### EXERCISE OBJECTIVE
Give the listing again word for word. Skip the pictures.

### DATA EXTRACT

##########

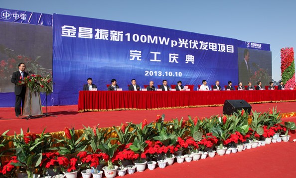 金昌振新100兆瓦光伏發電項目是金昌市在甘肅省第十八屆蘭洽會上簽約的新能源產業發展重點招商引資項目之一,由香港中電集團和振發新能源集團共同出資興建,項目占地6306畝,總投資約12.45億元。該項目采用國內最先進的斜單軸自適應對日跟蹤光伏發電裝置,擁有自主知識產權和專利技術,發電量比固定式同規格光伏電站提高30%左右,是目前全球規模最大的自適應對日跟蹤光伏電站。截至目前,振新100兆瓦光伏發電項目已全部建成,并于2013年7月1日并網發電,累計發電量超過5800萬度。
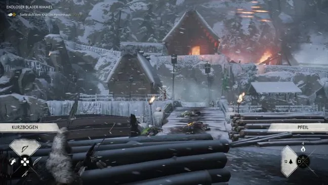 За мостом вы найдете еще больше врагов, которых следует расстреливать с расстояния из лука. В любом случае, на круглой площади достаточно укрытий, чтобы защитить вас от глаз монголов. Им даже так трудно сориентироваться, что даже если они промахнутся, им не придет в голову переходить мост и искать вас на круглой площади.
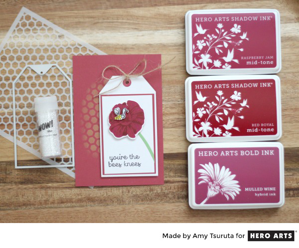 To really let that bee be the star of the show, I surrounded him with reds, making his yellow POP. I inked up the Honeycomb Stencil with Distress Oxide Fossilized Amber. The Color Layering Poppy has been inked up with:
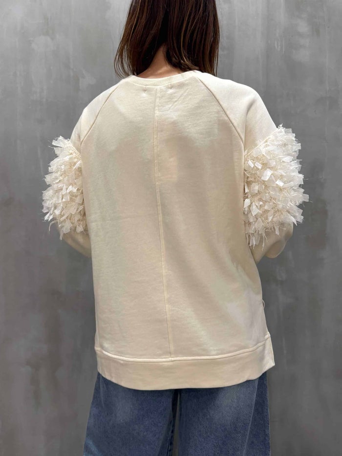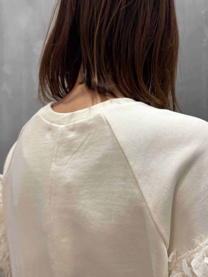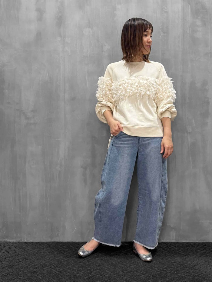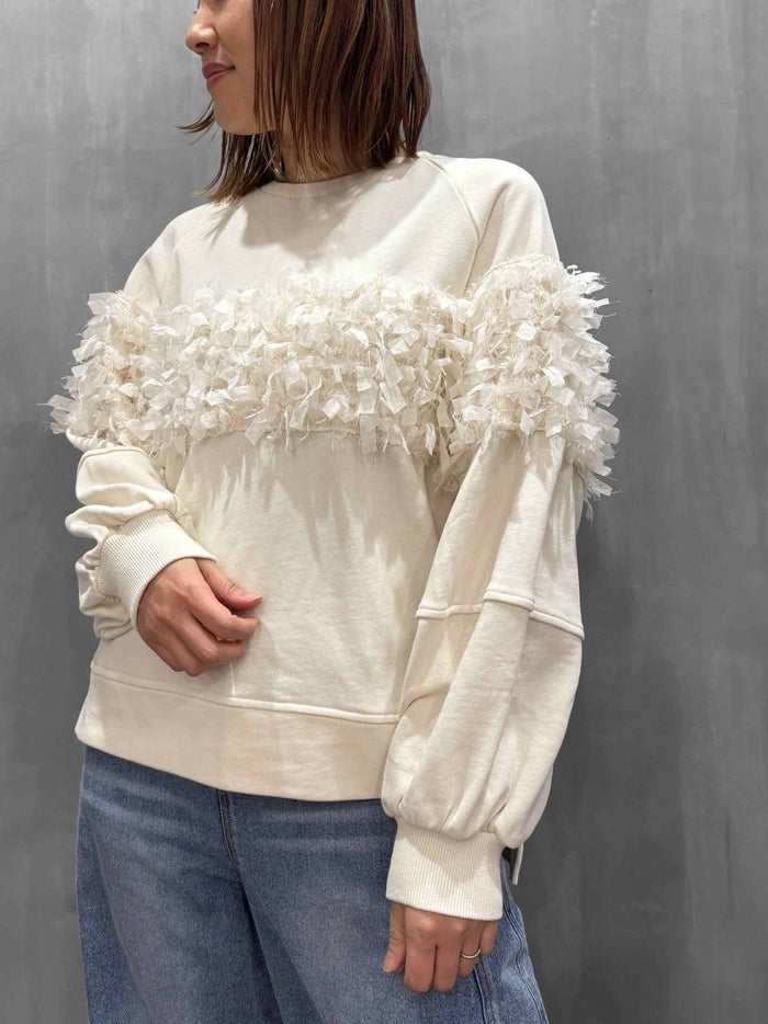 薄手のコットン裏毛プルオーバーに、シフォンフリンジレースを切り替え、存在感のあるアクセントをプラス。

##########

### RESULT OF THE TASK
 金昌振新100兆瓦光伏發電項目是金昌市在甘肅省第十八屆蘭洽會上簽約的新能源產業發展重點招商引資項目之一,由香港中電集團和振發新能源集團共同出資興建,項目占地6306畝,總投資約12.45億元。該項目采用國內最先進的斜單軸自適應對日跟蹤光伏發電裝置,擁有自主知識產權和專利技術,發電量比固定式同規格光伏電站提高30%左右,是目前全球規模最大的自適應對日跟蹤光伏電站。截至目前,振新100兆瓦光伏發電項目已全部建成,并于2013年7月1日并網發電,累計發電量超過5800萬度。
 За мостом вы найдете еще больше врагов, которых следует расстреливать с расстояния из лука. В любом случае, на круглой площади достаточно укрытий, чтобы защитить вас от глаз монголов. Им даже так трудно сориентироваться, что даже если они промахнутся, им не придет в голову переходить мост и искать вас на круглой площади.
 To really let that bee be the star of the show, I surrounded him with reds, making his yellow POP. I inked up the Honeycomb Stencil with Distress Oxide Fossilized Amber. The Color Layering Poppy has been inked up with:
 薄手のコットン裏毛プルオーバーに、シフォンフリンジレースを切り替え、存在感のあるアクセントをプラス。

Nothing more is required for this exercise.